Consequently, one cannot be certain of the factual accuracy of information from an LLM (which can be viewed as a set of rules in the context of Gödel’s theorem). However, we can minimize the effects of this phenomenon by increasing the available information, effectively defining a larger system that encompasses the original one.

To express this more technically in terms of Gödel’s theorem, we can define a larger system F’ that contains the whole of the original system F. In mathematical logic, F might represent our initial formal system (analogous to an LLM’s initial training), while F’ represents an expanded system with additional axioms or rules (analogous to augmenting an LLM with additional context or data). By expanding to F’, we can potentially prove statements that were unprovable in F alone. However, it’s crucial to note that according to Gödel’s theorem, even in F’ there will still be true but unprovable statements. This parallels the idea that while we can improve an LLM’s performance by providing more information.
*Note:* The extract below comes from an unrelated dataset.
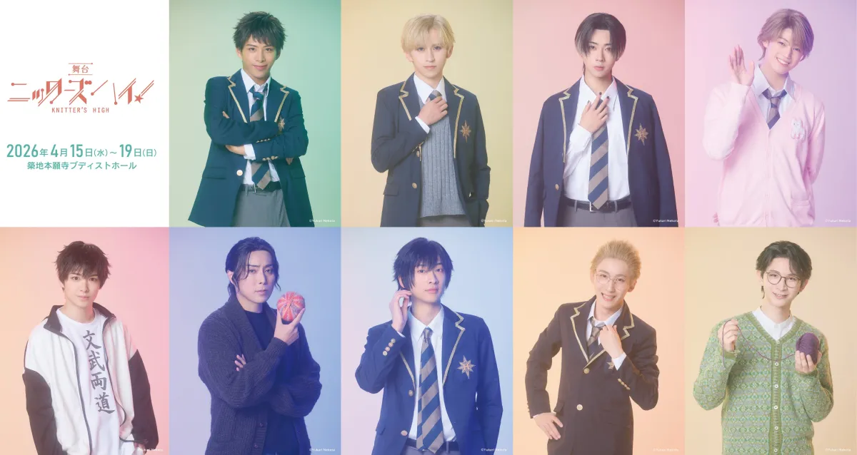 舞台『ニッターズハイ!』が、2026年4月15日から19日まで築地本願寺ブディストホールで上演されます。本作は、高校生の青春と友情を描いた物語で、原作は猫田ゆかりの同名漫画です。主演には森崎大祐、沖矢悠、渡邊樹などが名を連ね、青春の葛藤と成長を熱演します。

So how do we expand F’? Do we have a vast knowledge base to use in our systems? Fortunately, we do:

Data Commons

Data Commons, a Google-led open-source initiative, aims to centralize and democratize access to global public datasets. With over 250 billion data points from hundreds of sources, it covers a wide range of statistical information from various public entities worldwide. The project’s key innovations include normalizing diverse datasets into a unified Knowledge Graph using Schema.org, and implementing a natural language interface for user queries. This interface allows users to explore the vast database using everyday language, making the wealth of public data more accessible and easier to utilize.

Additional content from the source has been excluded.